Concerns for his life have been further compounded by the start of a new defamatory social media campaign from pro-government Saudi sources, sparking fresh fears that the young protester may be next in line for the executioner's sword.
We know an execution is possible, because it has happened before, only seven months ago. On the 2 January 2016, at the dawn of the new year, the world awoke to horrifying news that peaceful social justice activist Sheikh Nimr al-Nimr, along with a youth protester and three minors, had been executed as part of a mass execution of 47 individuals by the Saudi authorities.
Sheikh Nimr al-Nimr
The timing of this execution was strategically calculated, occurring during a global holiday season and followed a lukewarm reaction from the international community to previous media leaks related to news of the sheikh's imminent execution.
"The trumped-up charges levied against my son could only be capable by a trained 'commando', and not by a young teenage boy," said Ali Mohammed's father, Mohammed al-Nimr during a TV interview. Ali Mohammed was violently arrested as a child (age 17) in 2012, in connection with his participation in peaceful Arab spring demonstrations in Saudi's eastern province during 2011-2012.
Months into his detention, during the first official family prison visit, Ali Mohammed's mother described her son's face as "unrecognisable" with clearly visible facial wounds, and during this visit Ali Mohammed complained of torture saying he wished he had died during the first six months of imprisonment. Eventually, Ali Mohammed was brought before the notorious "terrorism court" and sentenced to death in 2014, following an unfair trial based on a coerced confession.
Renewed fears of his imminent execution revolve around recent tweets on Ali Mohammed al-Nimr's case from notorious social media pro-government Twitter account @KSA24, which falsely accuse him of violent crimes, such as the murder of police officers.
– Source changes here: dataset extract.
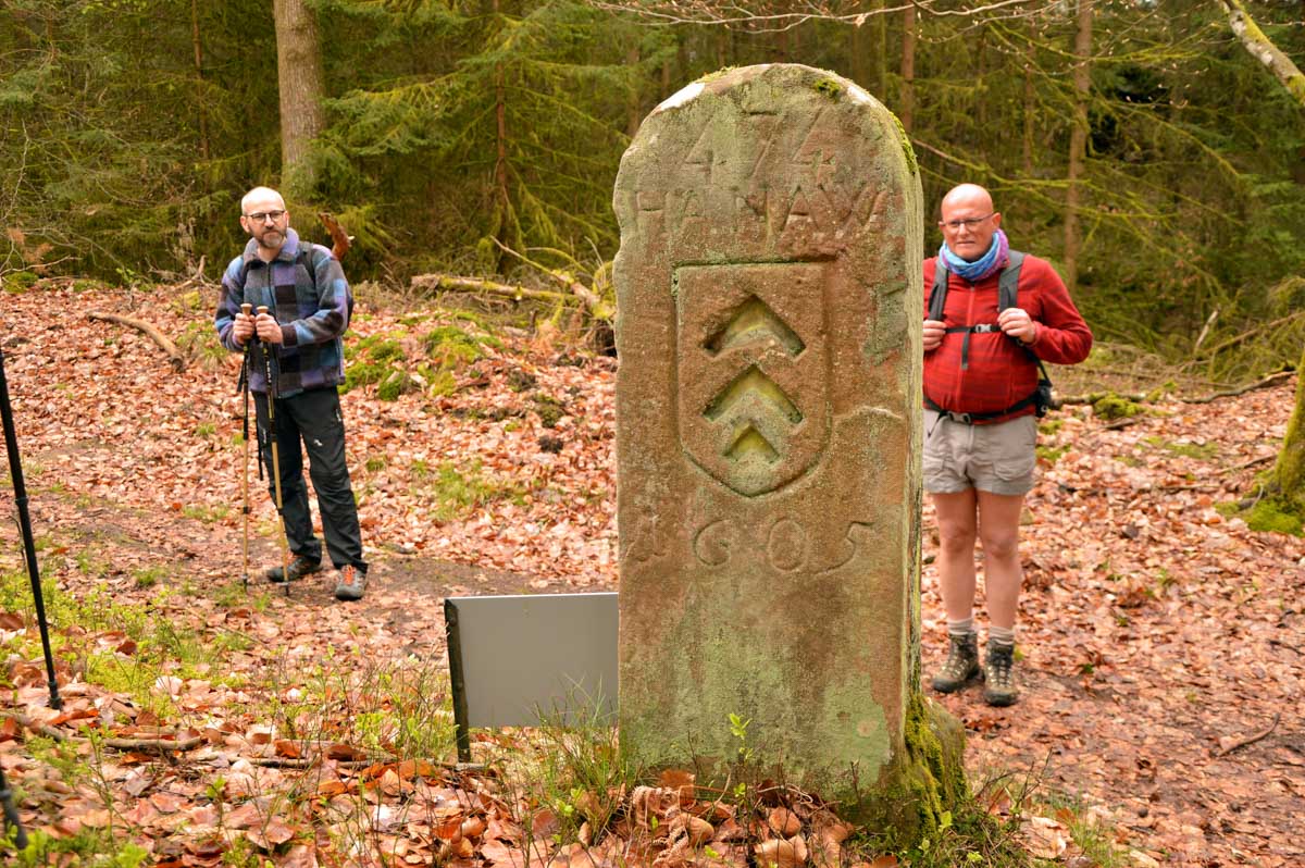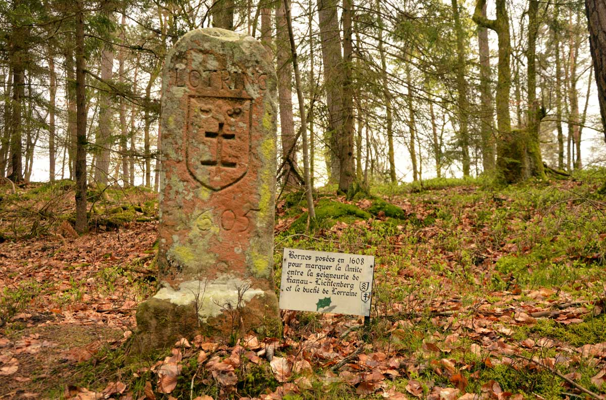 Nous partagions le week-end avec Rando’s Lorraine, et justement, en plus des bornes qu’on s’est tapées avec nos petits pieds (non, non, je vous dirai pas ma pointure), nous sommes aussi tombés en extase, enfin presque, devant des bornes vieilles de 400 ans, marquant la limite entre la Seigneurie des Hanau Lichtenberg et le Duché de Lorraine.

Such a strategy, suggests the start of a targeted defamatory media campaign to present him as a criminal and build the support and sentiment of the Saudi public for such an execution.
This represents a worrying development, as it mimics a similar defamatory media campaign which targeted Ali Mohammed's uncle, Sheikh al-Nimr, prior to his execution. The very same Twitter account accurately foretold the execution of Sheikh al-Nimr through several tweets in the month leading up to his death.
The importance of international support and advocacy cannot be overemphasised. Ali Mohammed al-Nimr remains alive today primarily due to the international outcry in the wake of news of his death sentence conviction being upheld in August 2015. The response was swift and direct: a resolution from the EU parliament to halt the execution, an official statement by UN experts, raising the profile of his case.
Major media outlets picked up the story, and overnight, handsome young Ali Mohammed became the symbolic poster boy emblematic of Saudi's human rights abuses. Online campaigns and petitions ensued. The similar cases of two other Saudi protester minors sentenced to death – Dawood al-Marhoon and Abdullah al-Zaher – were also picked up, prompting further calls to end Saudi child executions, and the launch of online hashtag campaign #FreeThe3.
Had it not been for the media and international pressure in late 2015, these three minors would have been executed alongside Sheikh al-Nimr in January 2016. In October 2015, former UK foreign minister Philip Hammond said: "Ali [Mohammed] al-Nimr would not be executed," leading to many breathing a sigh of relief. But be warned, the moment the Saudi authorities sense that public reaction has subsided, they will seize the opportunity to implement the death sentences of these young protesters, all of whom currently remain on death row with no signs of clemency in their cases.
International law prohibit the use of the death penalty against minors. Saudi Arabia officially contended in a 2014 report submitted to the UN that it does not execute minors. In reality this is nothing but PR spin. The 2016 mass execution spree saw the execution of four minors. One of these minors was Ali Saeed al-Rebh, a pro-democracy protester from the eastern province, arrested at the age of 17.
Unfortunately, as al-Rebh's case was not highly publicised, this made it easier for the Saudi authorities to execute him. The other three executed minors were: Mishaal al-Faraj, Amin al-Ghamdi and Mustafa Abkar. Child executions occur despite Saudi Arabia being a state party to the legally binding UN convention on the rights of the child.
Ali Mohammed al-Nimr, Dawood and Abdullah are not alone. European Saudi Organization for Human Rights has documented cases of an additional six minors sentenced to death, indicating that Saudi Arabia, a current member of the UN human rights council, continues to fail in its international human rights obligations.
For now, weekly phone calls and monthly family visits represent the only way to confirm Ali Mohammed al-Nimr remains alive. His family continue to live a daily nightmare, fearing the day they learn of their son's execution via the TV. The worldwide attention that greeted his conviction last year needs to rally once again to stop the execution. But this time our message should not be to merely halt the execution, but the campaign should reconfigurate itself with a stronger message and call for his release.
Otherwise, we will witness the illegal execution of yet another al-Nimr.